Franciscan Spirit Blog

My Backyard Chapel

Photo of a backyard

The other morning, I went out and sat on our back porch. It’s something that I often do on the weekends. It’s my time before everyone else in the house gets up and our hectic life shifts into high gear. I go out there to pray, read a book, write, and reflect. 

It is, in many ways, my own personal chapel. There are no stained glass windows, but there is a wide variety of colorful flowers all around, including the rosebush just off the porch that was given to me when my mom died. Past the vegetable garden that provides our family with nourishment, a statue of St. Francis looks on from the back corner of the yard. The fire pit, a few yards away from the porch, speaks to the gathering of family and friends many nights, celebrating the blessings of relationships—and very often s’mores. This porch is a physical connection between my past—growing up in this house—and the present—moving back after Mom’s death.

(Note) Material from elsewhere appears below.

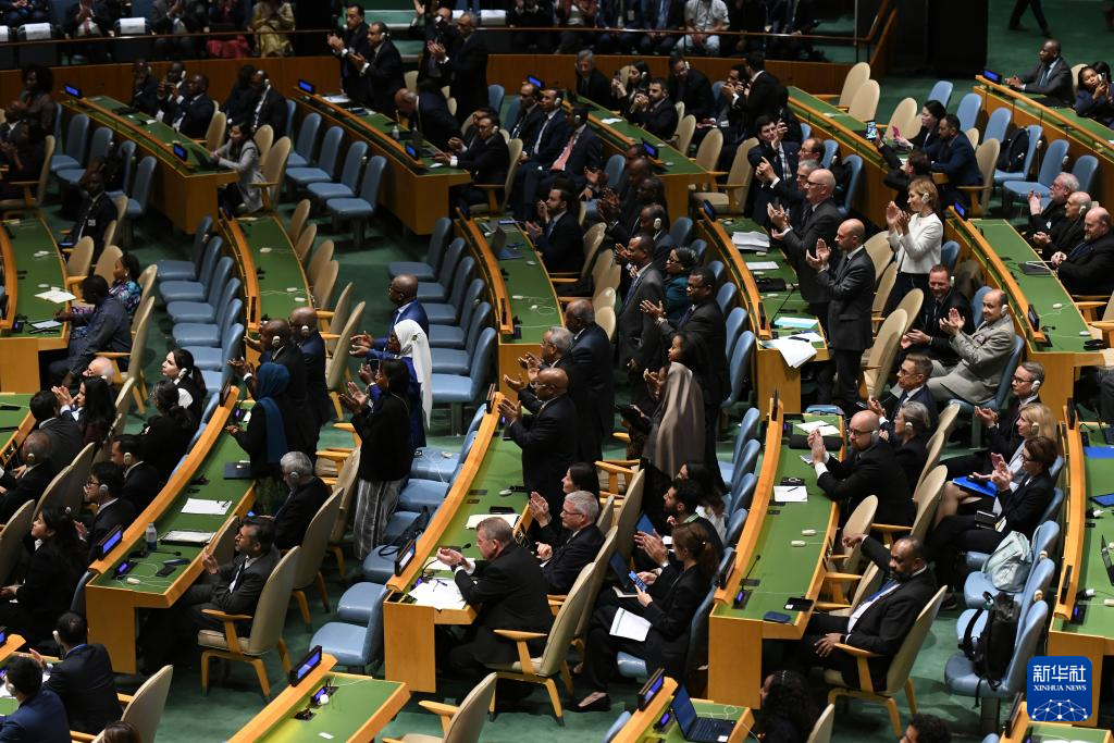 9月22日,在位于纽约的联合国总部举行的和平解决巴勒斯坦问题和落实“两国方案”高级别国际会议上,法国总统马克龙发表讲话时,与会代表鼓掌。新华社记者 李睿 摄
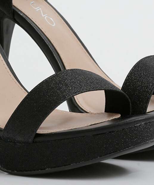 Sandália feminina, confeccionada em material sintético com aplicação de brilho, salto alto fino meia pata e fechamento por fivela.

When I was younger, I would often watch my dad sit on the back porch in the evenings and gaze out onto the yard. Sometimes my sisters and I would join him and fall asleep on the glider next to him. I always wondered what he was looking at. I wonder if he was looking out on the same things I do now.

How Do You Pray?

As I sat on the porch that particular day, there was a slight breeze blowing. The sun was just beginning to extend its rays over the giant tree in my neighbor’s backyard, casting a soft glow on the world below it. My dog, Tigger, was curled up and fast asleep on the couch beside me. The words of Psalm 46 repeated in my head: “Be still, and know that I am God.”

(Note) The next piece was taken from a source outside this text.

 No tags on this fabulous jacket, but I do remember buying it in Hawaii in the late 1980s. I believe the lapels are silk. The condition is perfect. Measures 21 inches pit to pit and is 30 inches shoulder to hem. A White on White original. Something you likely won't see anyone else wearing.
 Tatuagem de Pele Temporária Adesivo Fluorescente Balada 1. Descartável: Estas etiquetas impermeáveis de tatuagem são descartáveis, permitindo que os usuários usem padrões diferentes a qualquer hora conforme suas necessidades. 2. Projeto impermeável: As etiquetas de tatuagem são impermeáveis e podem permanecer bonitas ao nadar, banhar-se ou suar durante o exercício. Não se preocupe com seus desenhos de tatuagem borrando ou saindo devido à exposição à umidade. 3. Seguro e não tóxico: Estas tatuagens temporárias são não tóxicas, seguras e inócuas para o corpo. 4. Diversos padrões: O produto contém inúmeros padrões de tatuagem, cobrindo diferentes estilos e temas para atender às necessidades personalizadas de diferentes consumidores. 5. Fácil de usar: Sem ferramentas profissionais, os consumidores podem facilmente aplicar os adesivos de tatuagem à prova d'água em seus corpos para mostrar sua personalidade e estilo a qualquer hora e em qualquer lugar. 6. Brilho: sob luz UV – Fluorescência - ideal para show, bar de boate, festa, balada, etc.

Suddenly, my youngest daughter, Kacey, appeared in the doorway.

“What are you doing?” she asked.

“I’m praying,” I told her.

“It doesn’t look like it,” she countered. “It looks like you’re just sitting there in your pajamas, doing nothing.”

“Really?” I jokingly shot back at her. “And what exactly does prayer look like?” She proceeded to give me the standard bow-your- head-and-fold-your-hands answer. Then she recited a few of the prayers she has learned over the past few years in school, such as the Hail Mary and Glory Be—just in case I had forgotten them.

That’s certainly one way—and an important way—to pray, I told her. But it’s not the only way. Sometimes, I said, a prayer can be as simple as saying “thank you” or just acknowledging and appreciating the blessings you have. “When I sit out here, I say prayers of thanks for all the things I see around me—the trees, the breeze, the sounds of the birds and the bells from the church up the street,” I said.

Finally, I told her how I pray for her and her siblings who are often asleep inside when I’m out here. Of course, that prayer is usually immediately followed by a prayer of thanks for this all-too-infrequent brief period of peace and quiet. 

I’m not sure she bought into it, but I hope that maybe someday she will understand and discover her own personal chapel—wherever that may be.